[Excerpted data — start]
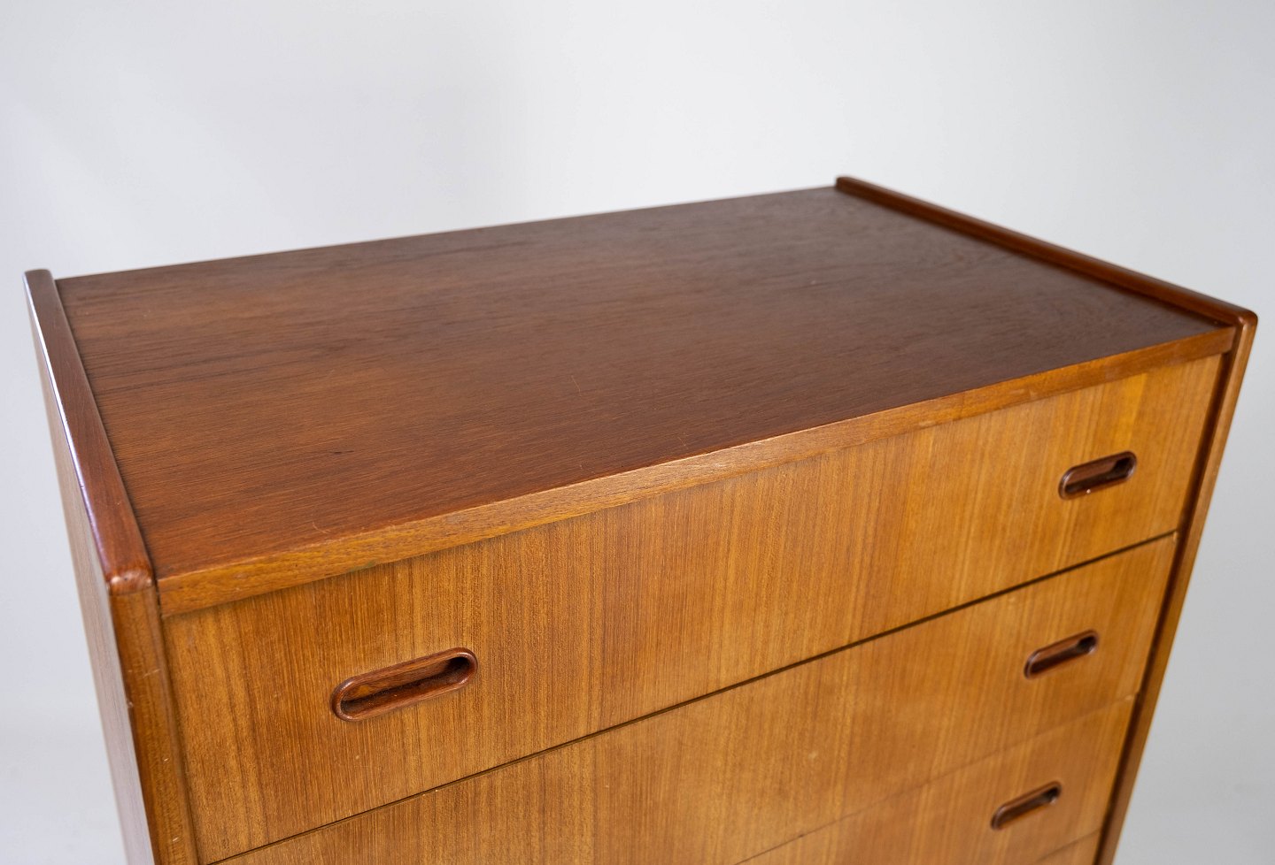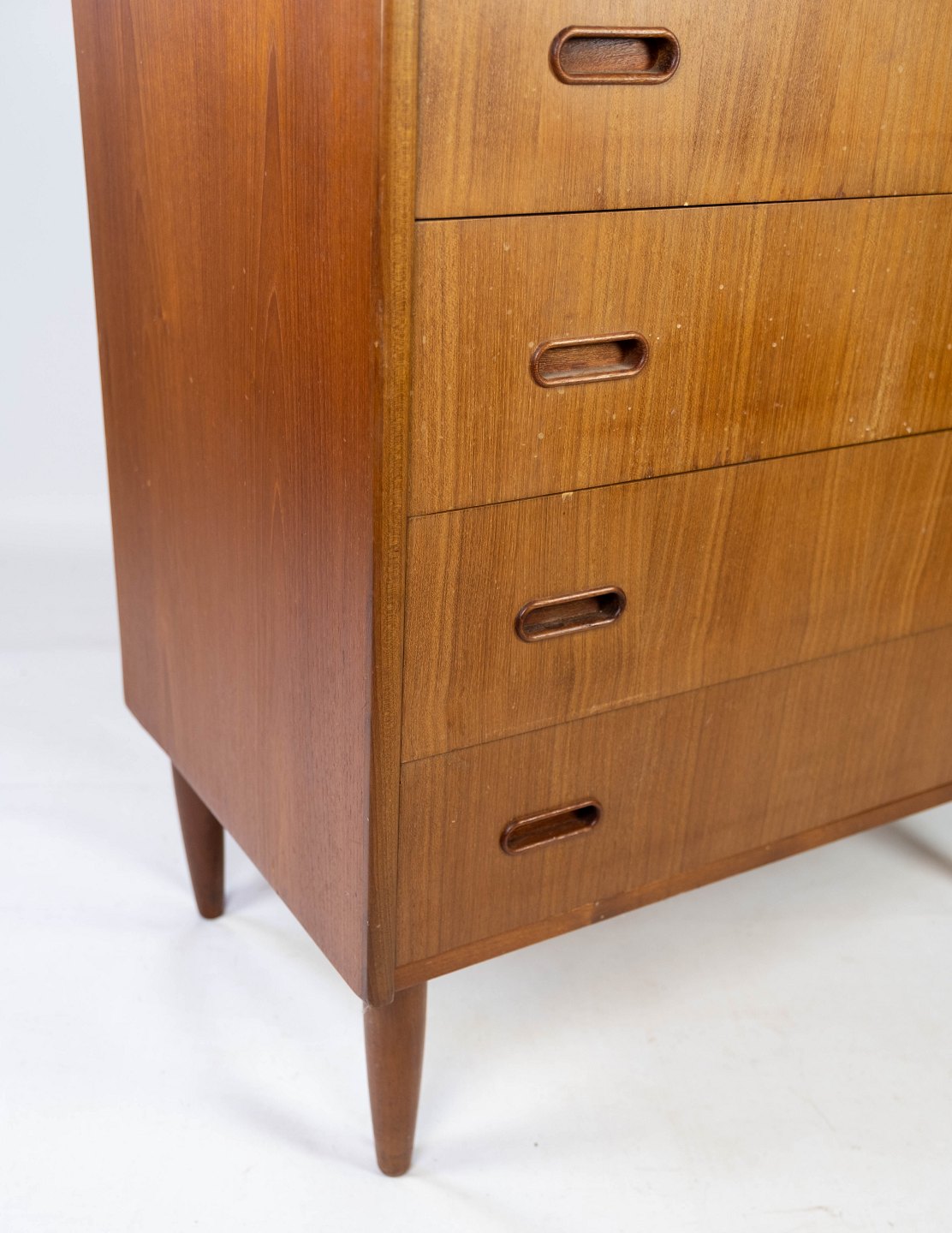 This teak chest of drawers, designed by Danish craftsmen around 1960, is a classic example of Danish furniture design from this era. The teak wood adds a warm and natural tone to the furniture and at the same time brings a feeling of durability and timelessness.
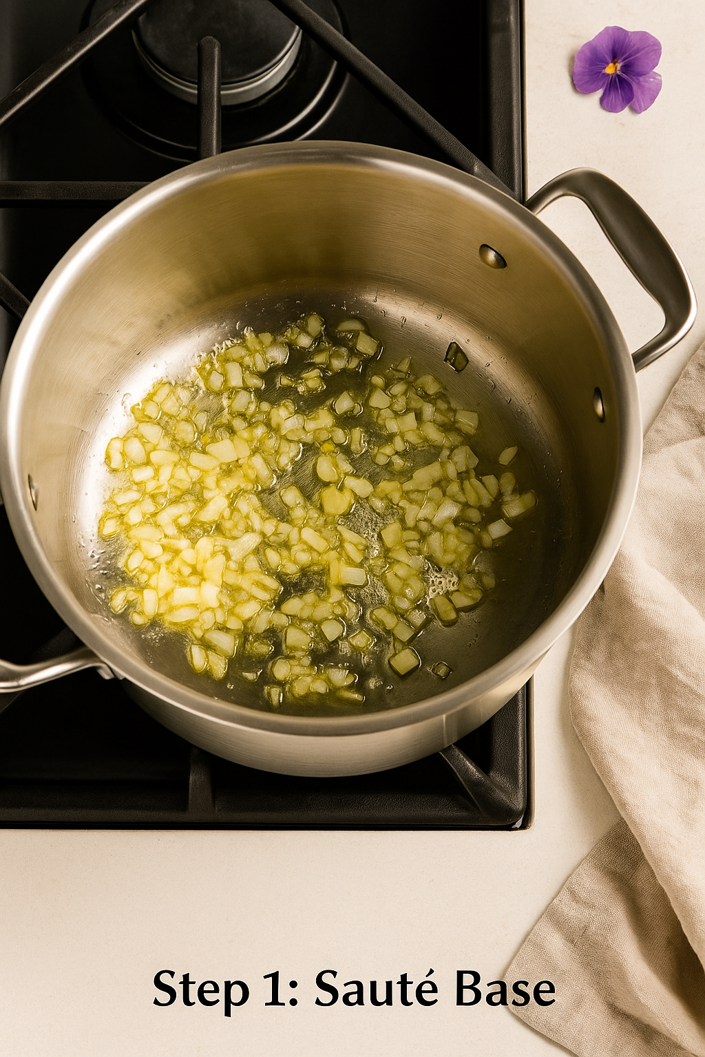 Heat olive oil or butter in a large pot. First, sauté onion and garlic until fragrant.
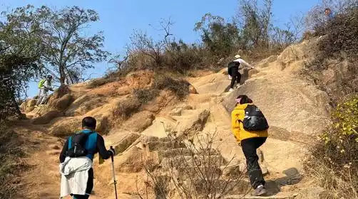 Arriving at the Lingyan Mountain scenic area gate, the group packed their bags. After a warm-up, we set off on our sprint! We traversed the stone steps, shaded by bamboo trees and pavilions, all the way up to the Lingyan Mountain Temple on the summit. We rested at the temple entrance and gazed out from the heights. The temple was bustling with incense, and pilgrims often prayed along the way. There were restrooms nearby if needed. We then joined the off-road path to the left of the guardrail and headed towards Dajiao Mountain. We found a scenic spot along the way for lunch and a rest break.
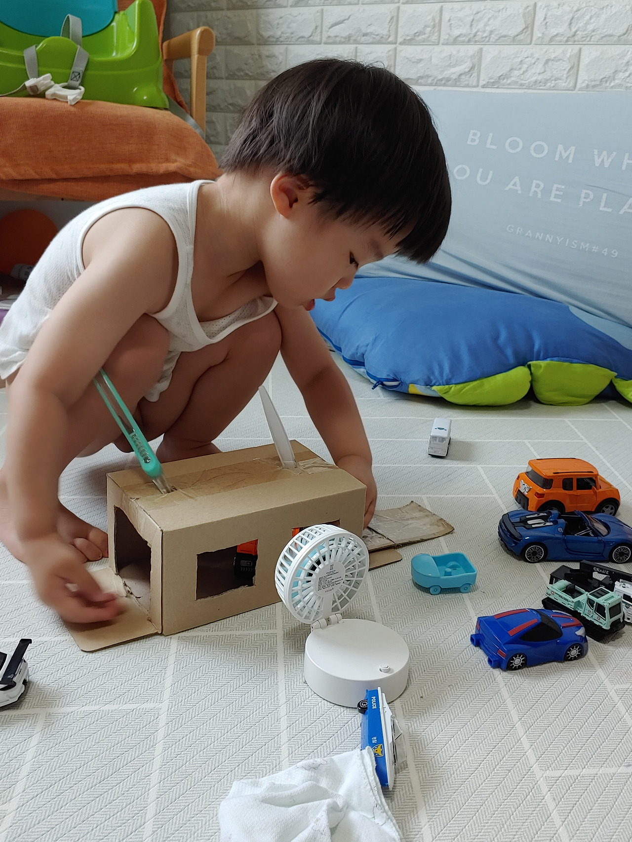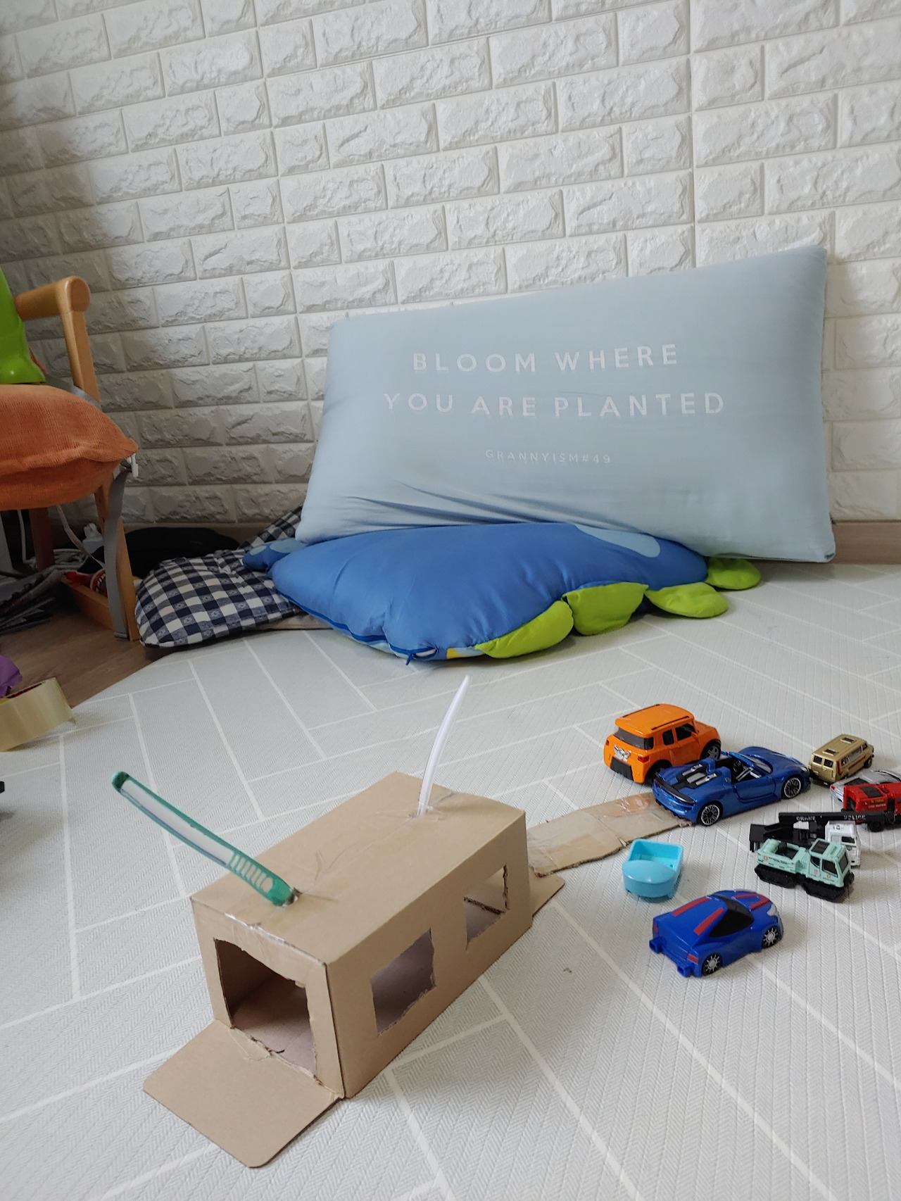 보다시피 책과는 조금 다른 결과물이 나왔다. 칫솔이 입구에만 있는 것이 아니라 출구에도 있다. 움직이는 벨트도 별도로 만들었다. 더 흥미로운 건 책 매뉴얼엔 없는 선풍기도 등장한다는 점이다. 거기다가 직접 아이가 마지막에 손으로 직접 차를 닦는 과정까지 집어넣었다.
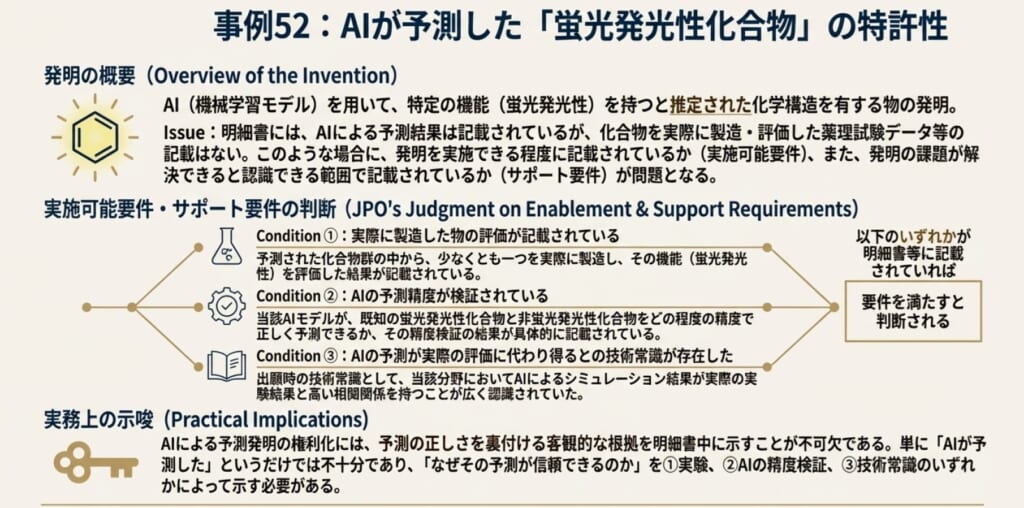 コメント:特許庁の事例52では、①実験結果、②AIの予測精度の検証、③当該分野における技術常識のいずれかが明細書等に記載されていれば、実施可能要件・サポート要件を満たすと整理されています。一方で、現時点(2025年12月)では、①に該当する、実際に製造した物の評価結果を記載した事例のみ確認できており、②または③のみを根拠として権利化された特許権は把握しておりません。そのような事例を確認できましたら、改めてご報告いたします。
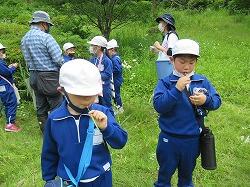 <2年2組> タンポポとバッタの広場を回る南コースに向かいました。タンポポとバッタの広場で合流できましたので、そのときの様子を紹介します。後半部分は、ログインページをご覧ください。広場では、草花を観察したり、虫を探したり、よし笛にもチャレンジしていました。「クモを見付けた」と言っては、人だかりができていました。
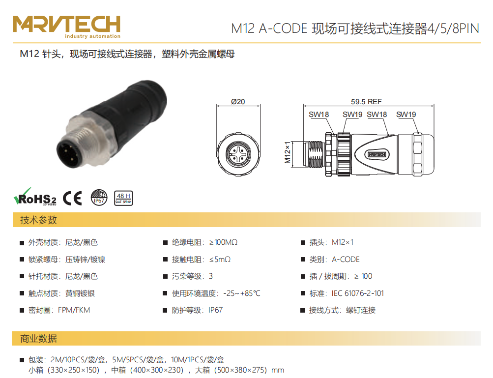 M 12針A-CODE現場配線可能コネクタ
[Excerpted data — finish]
▶ _Task to carry out_:
Give back the material above exactly as it appears, minus the pictures.

▶ _Reply to the exercise_:
 This teak chest of drawers, designed by Danish craftsmen around 1960, is a classic example of Danish furniture design from this era. The teak wood adds a warm and natural tone to the furniture and at the same time brings a feeling of durability and timelessness.
 Heat olive oil or butter in a large pot. First, sauté onion and garlic until fragrant.
 Arriving at the Lingyan Mountain scenic area gate, the group packed their bags. After a warm-up, we set off on our sprint! We traversed the stone steps, shaded by bamboo trees and pavilions, all the way up to the Lingyan Mountain Temple on the summit. We rested at the temple entrance and gazed out from the heights. The temple was bustling with incense, and pilgrims often prayed along the way. There were restrooms nearby if needed. We then joined the off-road path to the left of the guardrail and headed towards Dajiao Mountain. We found a scenic spot along the way for lunch and a rest break.
 보다시피 책과는 조금 다른 결과물이 나왔다. 칫솔이 입구에만 있는 것이 아니라 출구에도 있다. 움직이는 벨트도 별도로 만들었다. 더 흥미로운 건 책 매뉴얼엔 없는 선풍기도 등장한다는 점이다. 거기다가 직접 아이가 마지막에 손으로 직접 차를 닦는 과정까지 집어넣었다.
 コメント:特許庁の事例52では、①実験結果、②AIの予測精度の検証、③当該分野における技術常識のいずれかが明細書等に記載されていれば、実施可能要件・サポート要件を満たすと整理されています。一方で、現時点(2025年12月)では、①に該当する、実際に製造した物の評価結果を記載した事例のみ確認できており、②または③のみを根拠として権利化された特許権は把握しておりません。そのような事例を確認できましたら、改めてご報告いたします。
 <2年2組> タンポポとバッタの広場を回る南コースに向かいました。タンポポとバッタの広場で合流できましたので、そのときの様子を紹介します。後半部分は、ログインページをご覧ください。広場では、草花を観察したり、虫を探したり、よし笛にもチャレンジしていました。「クモを見付けた」と言っては、人だかりができていました。
 M 12針A-CODE現場配線可能コネクタ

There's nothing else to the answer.